A Cambridge dog park not only urges its patrons to pick up after themselves, it also tells them exactly where they can stick it: a couple of 500-gallon tanks that collect the generated methane to power a nearby gas streetlamp.
Park Spark is a temporary installation in the dog park, fueled (if you’ll pardon the expression) by a grant from the Council of the Arts at MIT, and spearheaded by artist Matthew Mazzotta.
The park supplies biodegradable bags for scooping. Once deposited in one of the large yellow drums, the combined waste (and some water) begins to break down, releasing methane gas, which is fed to an honest-to-goodness old timey gas lamp to be burned off. A wheel on the first drum allows for any passerby to stir its contents if they feel so inclined.

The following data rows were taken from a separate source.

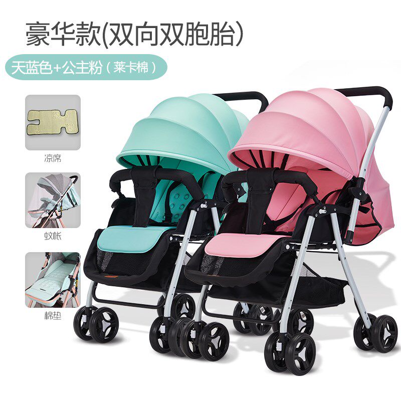 茵派双胞胎婴儿推车轻便折叠可坐可躺可拆分二胎双人大小孩手推车
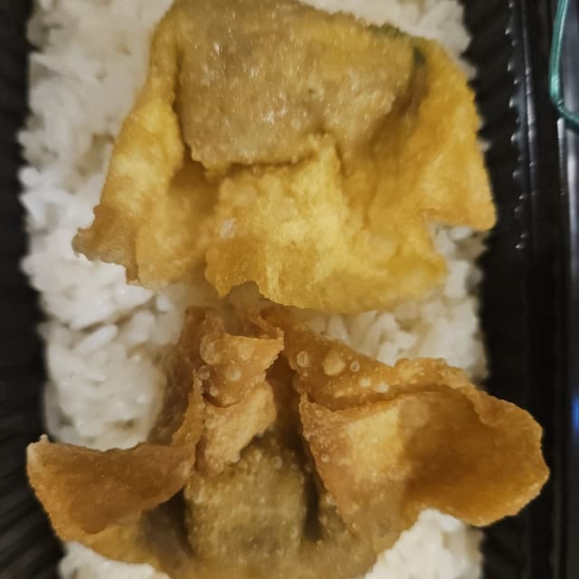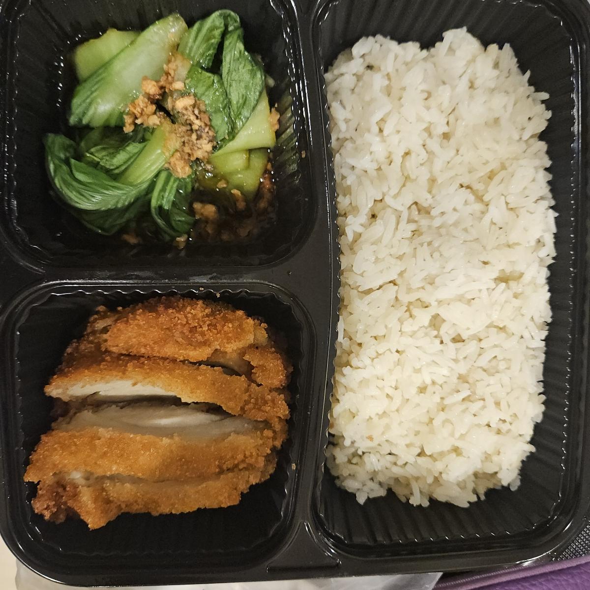 Had this last week and it was pretty good! The rice is fragrant like the chicken rice kind and the "chicken" was good but a little .. doughy almost? Felt a little like chewing on uncooked dough but it was still yummy regardless. also got the fried wantons which were so good! They tasted eggy which scared me a bit but definitely no eggs! Also had the thai basil rice another day which i didnt take a picture of but i felt it wasn't as good as this one~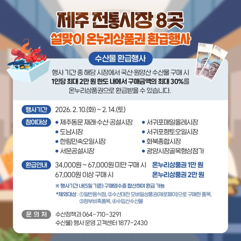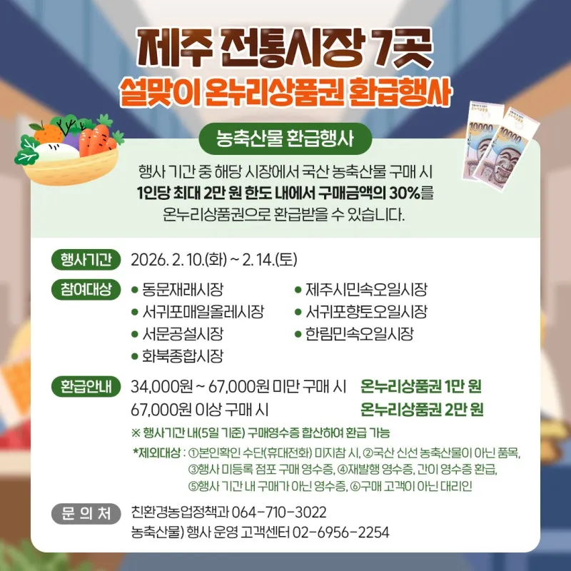 🛍️ 2월 명절 준비 걱정 끝! 제주 시장, 온누리상품권 환급행사!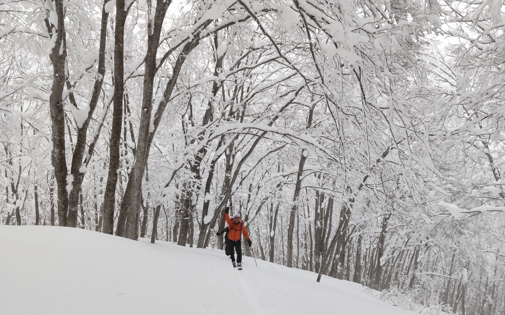 ゲレンデと違って静かやわ~~、でも静かすぎて先頭下りラッセル(みんなどこ行った!?)でドロップポイントへ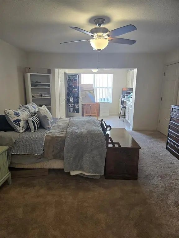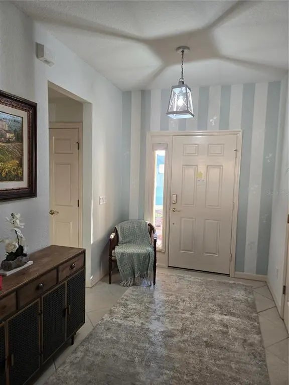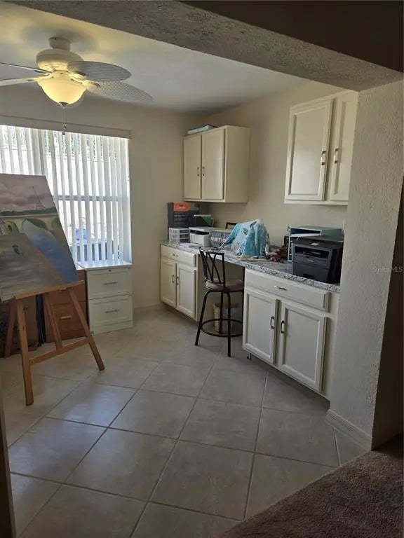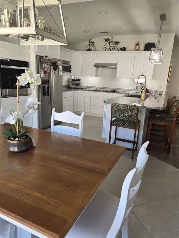 Located in the desirable Del Webb Spruce Creek Golf & Country Club in Summerfield, this extensively updated expanded Citation Model combines quality craftsmanship with thoughtful design. Surrounded by scenic golf views, ponds, and tree-lined streets, the community sets the tone for relaxed, active living. Inside, the home offers 2 bedrooms, 2 bathrooms, a den, and an added 10' x 15' flex room that includes a 9-foot closet along with built-in cabinetry and countertops, providing valuable additional living space perfect for work or creative pursuits. Natural light fills the home, enhancing the open and inviting layout. 2025 Roof, 2021 A/C. The fully remodeled kitchen features 23 solid wood cabinets, a generous 10.5-foot granite breakfast bar, specialty cabinetry, two pantries, and a built-in work desk. Under-cabinet and upper cabinet lighting add warmth and sophistication, making this kitchen both practical and impressive. Designed for entertaining, triple sliding glass doors lead to a screened lanai, while an additional set of quadruple sliders opens to a spacious 29’ x 18’ poured concrete patio. Surround sound in the common areas adds to the entertainment appeal. Recent improvements include gutters, garage door opener, and bottom garage seal installed in 2025, along with a whole-house water filtration system and electrical surge protection. The garage also features a dedicated dog wash station, and the landscaping has been thoughtfully designed for low-maintenance upkeep. With quality upgrades throughout and meticulous care evident in every detail, this home offers comfort, functionality, and peace of mind in one exceptional package.
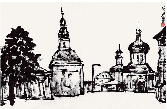 此次展出为李庚教授今年创作的以乌克兰题材为主的中国画作品。第聂伯河水墨印象,乌克兰风景写生等系列吸引了众多观者的极大兴趣。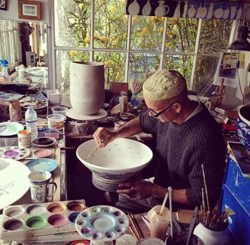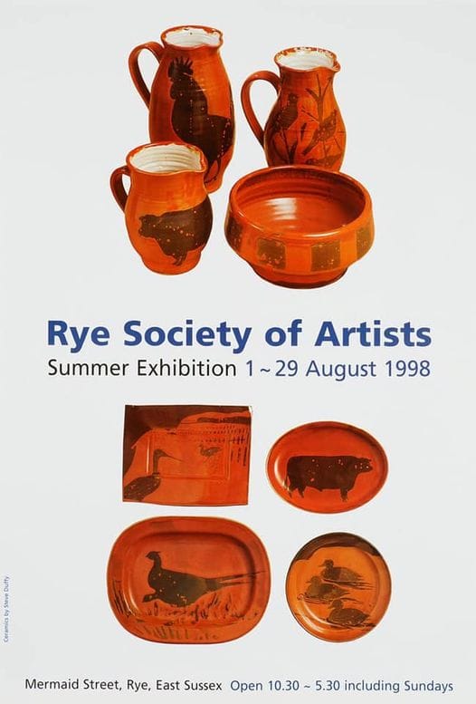 Steve Duffy is known for wheel thrown, hand painted ceramics and linocuts. He also paints.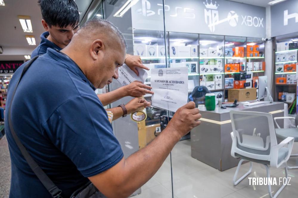 Três locais comerciais localizados no Shopping Alfonso em Ciudad Del Este, no Paraguai foram lacradas durante uma operação de controle realizada pela Divisão de Fiscalização do Município de Ciudad del Este na região central da cidade.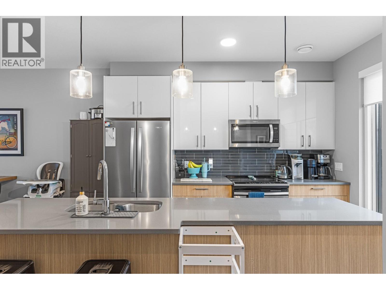 Enjoy Okanagan living just steps from Wood Lake in this impeccably maintained 2-bedroom, 2.5-bath townhome with a bonus room/flex room off the garage, perfectly located in the heart of Lake Country. Nearby lake access makes this a great place to call home that conveniently combines lifestyle, comfort, and convenience in one of the Okanagan’s fastest-growing communities. The main level features a bright, open-concept design with modern finishes throughout. The kitchen is well appointed with quartz countertops, a central island, stainless steel appliances. There is also a 2-piece bathroom just off the kitchen for convenience. Upstairs, two generous bedrooms include a primary suite with walk-in closet and ensuite featuring dual sinks and a walk-in shower. A full main bathroom with bathtub serves the large second bedroom. The garage level provides parking for one vehicle and comes with a great finished bonus/flex room that is currently used for guests, but offers great potential space for a home gym, office, or additional TV/Recreation room. There is ample street parking available. The unit features an outdoor deck with gas bbq hookup off the kitchen and a patio off the living room with a small wooden deck and some common grass space for kids to play. Located near restaurants, shopping, beaches, and the Rail Trail, this location offers convenient Lake Country living and it's only a 15 minute drive to UBCO and Kelowna International Airport. (id:6770)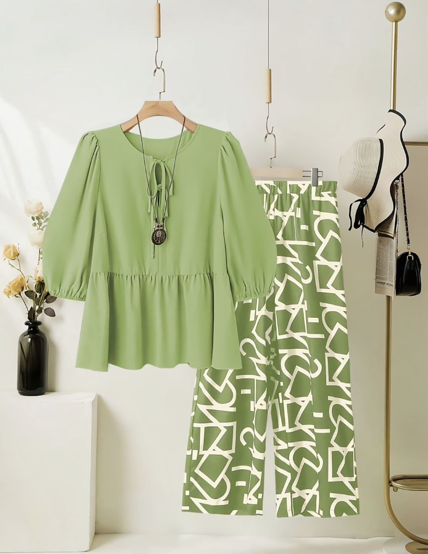 Elevate your everyday look with this refreshing green top bottom set that brings together ease and elegance. The solid peplum top features soft gathers, full sleeves, and a dainty tie-up neckline — striking the perfect balance between relaxed and refined. adding a pop of personality to your outfit.
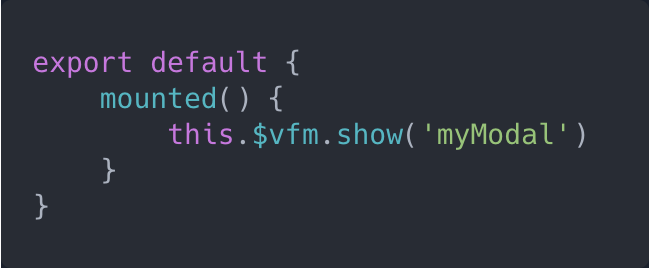 this.$vfm.show('myModal')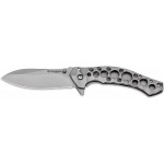 Boker Magnum Slender вызывает восторг уже при первом знакомстве. Нож выглядит довольно хрупким, но первое впечатление обманчиво. Благодаря превосходной эргономике изогнутой легкой стальной рукояти он отлично лежит в руке и остается достаточно крепким и надежным. Устойчивый к коррозии клинок типа drop-point из стали 440A фиксируется замком фреймлок. Плавник позволяет легко открыть нож одной рукой.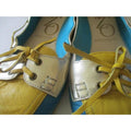 Stylish twist! - on classic loafer moccasin - has teal, yellow and silver leather upper panels with yellow lace and 2 inch toe bow. 5/8 inch rubber soles. Signature padded insoles. All measurements are approximate.

Biogas, as this sort of methane is known, is already being used in a Vermont dairy farm and a Texas power plant (these larger applications use cow manure). This method of deriving fuel is also popular in developing nations, including India, where Mazzotta was inspired to start Park Spark.
Mazzotta says his ultimate “purpose is to get people thinking differently about what’s around them, including seeing waste as a resource and how to best use the free power it produces.”
If you and your four legged friend would like to go an make a, um, contribution to his efforts, you’ll have to do it soon. Park Spark will be dismantled at the end of the month.